L'accordo in questione, spiega l'Ispi in una recente analisi della situazione, riguarda la gestione dei confini tra Siria e Turchia e dà ampie garanzie ad Ankara sulla gestione e la repressione da parte di Damasco dei militanti curdi, legati al Partito dei lavoratori del Kurdistan (Pkk), il gruppo curdo che da decenni combatte contro il governo turco per ottenere l'indipendenza, anche attraverso una lotta armata, e di cui la Turchia ritiene emanazione il Ypg (Unità di Protezione Popolare) e il Pyd (Partito dell'Unione Democratica).
"Per gran parte degli anni Novanta", ricordano gli analisti dell'Ispi, "il regime degli Assad aveva permesso al Pkk di operare dal territorio siriano in funzione anti-turca causando forti attriti con Ankara, la quale aveva anche minacciato di attaccare la Siria militarmente".
La necessità di allentare tali tensioni aveva portato alla firma dell'accordo e alla repressione ed espulsione della militanza curda dal Nord della Siria.
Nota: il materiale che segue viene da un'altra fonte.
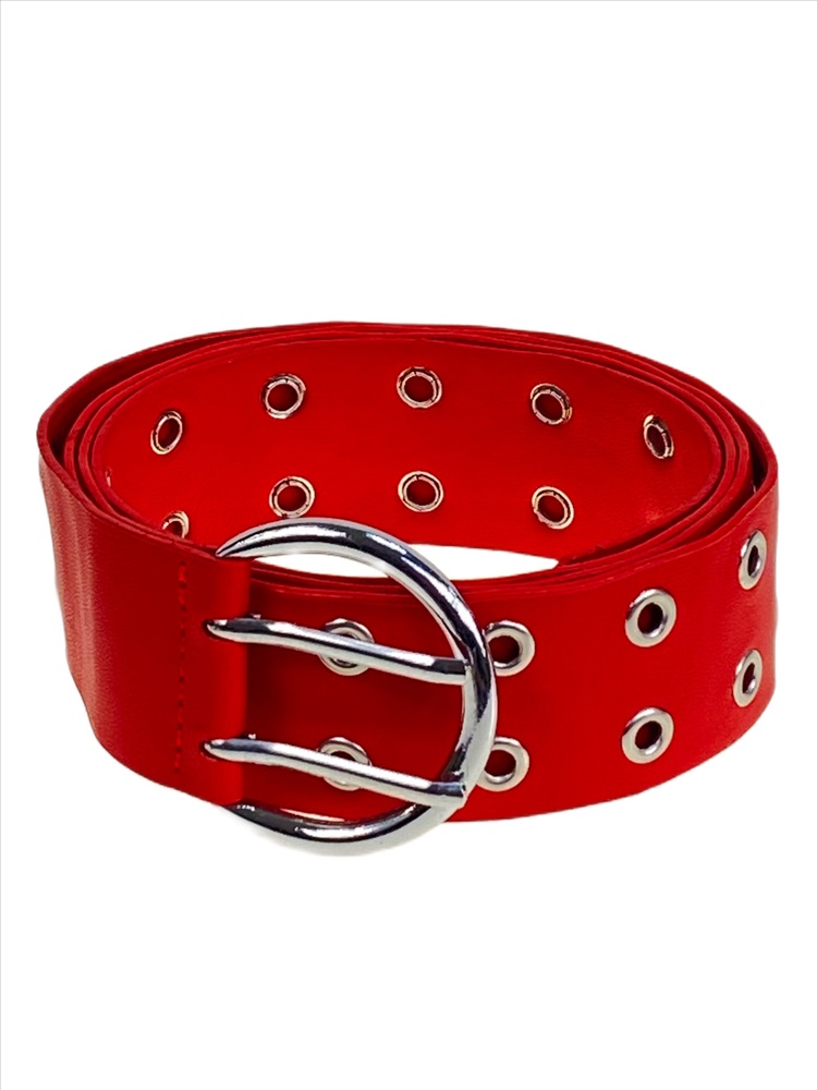 Ремень женский с люверсами из искусственной кожи, цвет красный
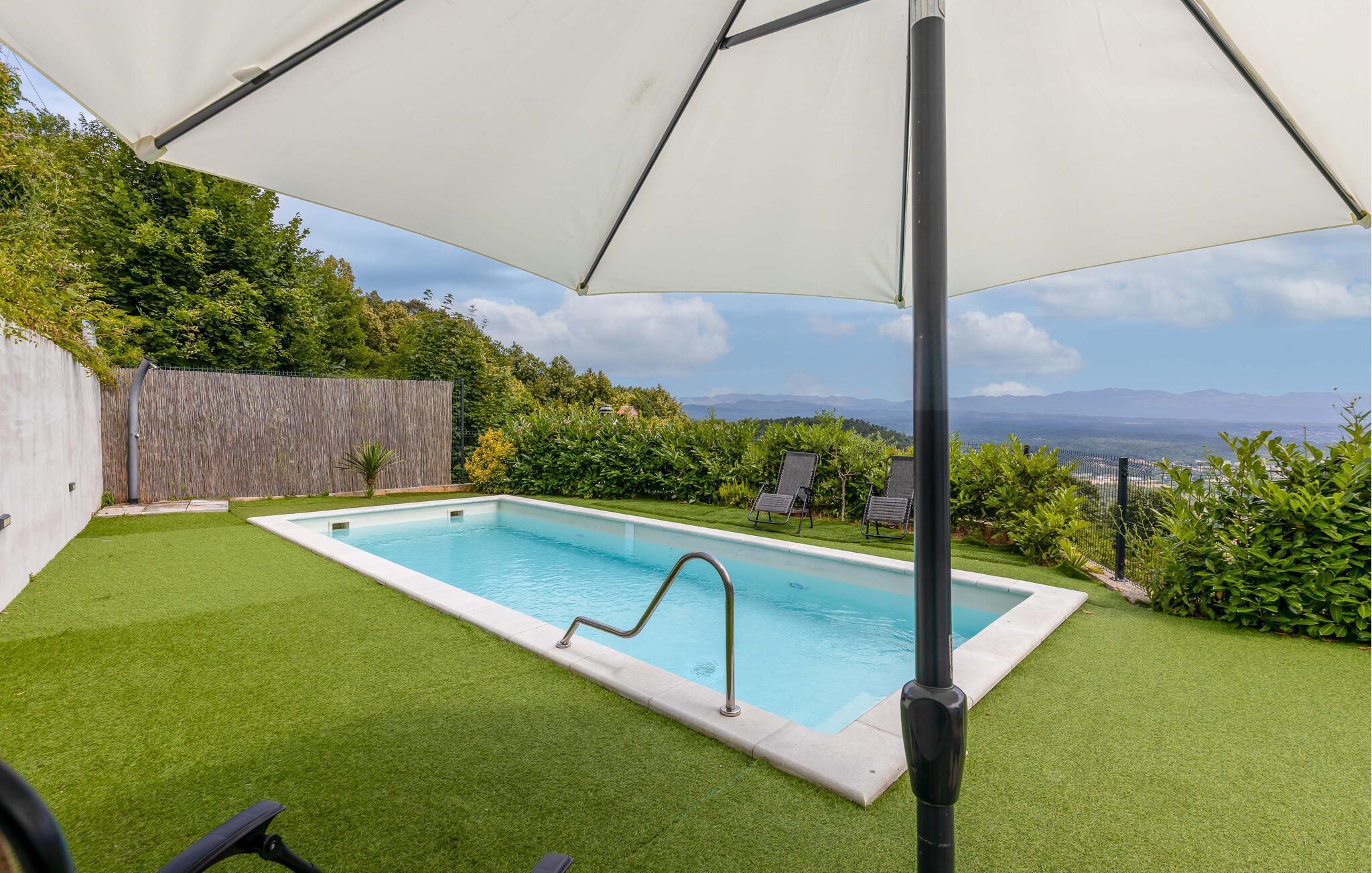 Der schöne Außenbereich zählt zu den Highlights des Hauses und wird garantiert ein beliebter Rückzugsort während Ihres Urlaubs. Machen Sie sich es am Pool mit einem eisgekühlten Getränk bequem, lassen Sie den Blick über das verzaubernde Panorama schweifen und schwimmen Sie ab und zu eine Runde.

Adana era stata menzionata già dal presidente russo, Vladimir Putin, durante la visita del collega turco Recep Tayyip Erdogan a Mosca, lo scorso gennaio. Putin aveva citato l'accordo come possibile base per gli sforzi di Ankara di mettere in sicurezza i propri confini e combattere il terrorismo, creando una safe zone.
Il Trattato - ancora in vigore e per il quale Damasco espulse il leader del Pkk Abdullah Ocalan, - prevede non solo l'espulsione dei terroristi, ma anche che le truppe turche possano entrare nel territorio della Siria fino a un massimo di 10 chilometri, per condurre operazioni anti-terrorismo, ma non dà loro il diritto di rimanere in modo permanente sul territorio siriano.
Rispolverando Adana, il Cremlino mira a incoraggiare la Turchia a tornare al dialogo con il regime di Damasco che, grazie al peso di Mosca, è destinato a prendere il controllo dei territori in mano ai curdi del Ypg, prima del ritiro Usa, (così come della altre aree liberate dai turchi con le operazioni del 2017 e 2018).
Allo stesso tempo, col riferimento al Trattato del 1998, la Russia vuole assicurarsi che le azioni di Ankara siano circoscritte solo a questioni di sicurezza dei confini e manda anche un messaggio ai militanti curdi, incoraggiandoli a collaborare col regime.
La domanda che in molti si fanno ora è se Damasco sarà disposta - nel rispetto di Adana - a riconoscere il Ypg un gruppo terrorista (come fa la Turchia), espellere i suoi leader e chiudere i loro campi come fece allora col Pkk e il suo numero uno, Abdullah Ocalan, nel quadro dell'accordo di Adana. Se i militanti curdi verranno inglobati nell'esercito siriano, questo rappresenterebbe ancora un elemento di preoccupazione per Ankara.